AIDebate

two AIs, one topic, no mercy

What even is this?

It might look like a debate engine — and it is, technically — but that’s not the point of this demo. The point is really the judge.

This system isn’t built to simulate debates — it’s built to evaluate reasoning. At its core is a judge layer engineered to audit arguments the way a scientist inspects a causal model. It enforces strict cause → process → consequence structure, flags missing mechanisms, and penalizes claims that rely on vibes, metaphors, or moral gestures without explanatory substance. The auditor tracks contradictions across turns, detects when an argument quietly drops a premise, and rewards positions that maintain a stable causal spine throughout the entire exchange. Instead of producing a “winner,” it generates arc‑level analyses that reconstruct how each argument evolved, where it fractured, and why one causal model held together while the other collapsed. This isn’t a debate engine.

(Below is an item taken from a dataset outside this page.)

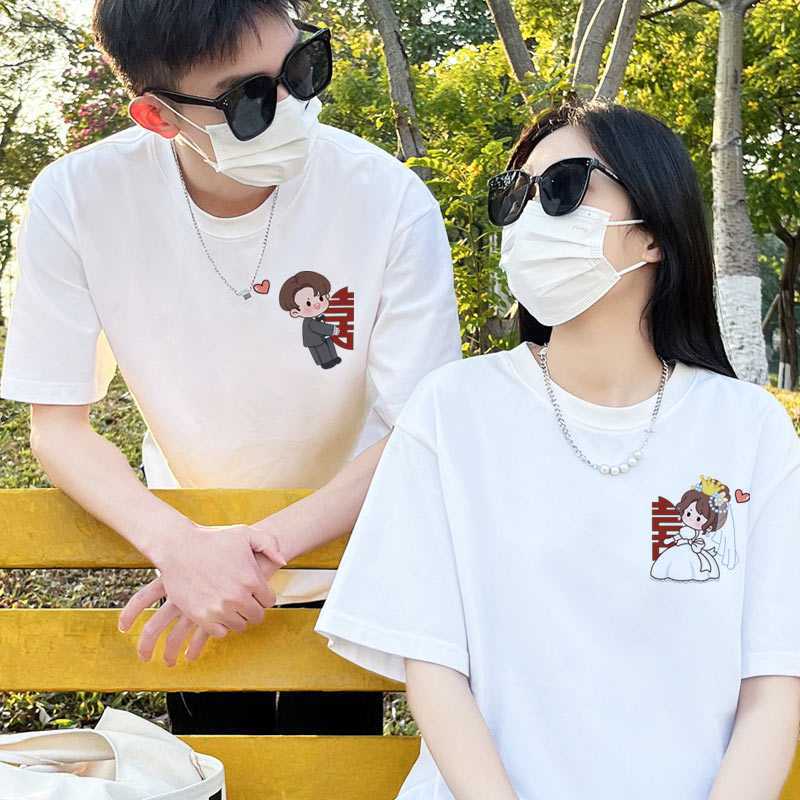 Tight Pure Cotton Engagement Wedding Photo License Registration Couple’s Dress Special Different Short Sleeve

It’s a structured reasoning environment that reveals how well arguments actually work.

The debaters are large open-weight models running on Ollama Cloud — Kimi K2 1T, Nemotron 3 Super, Qwen3, GLM-4, MiniMax M2.5, and others. Both debaters and the judge can be swapped for any LLM provider you prefer. I built a provider-agnostic LLM library to make this seamless — Anthropic, Gemini, and Ollama are already implemented out of the box, with the architecture designed to make adding new providers incredibly straightforward. The judge runs independently from the debaters and can be switched without touching the rest of the stack. Its rubric is multi-dimensional — logic, rhetoric, tactics, frame control, and credibility are scored separately. It also emits hidden feedback signals back into the debate in real time, shaping how each model argues as the exchange unfolds.

The Live Judge Layer

The judge is not a single score. It runs five levels of analysis on every turn.

1 — Per-turn absolute scoring

Each turn receives independent scores on three dimensions — Logical Coherence (0–40), Rhetorical Force (0–30), and Tactical Effectiveness (0–30), weighted into a composite 0–100 grade. Logic uses a component-chain model: a top score requires a complete cause → process → measurable consequence chain with the opponent's weakest premise explicitly addressed. Rhetoric uses a four-component method and caps delivery scores when framing is weak.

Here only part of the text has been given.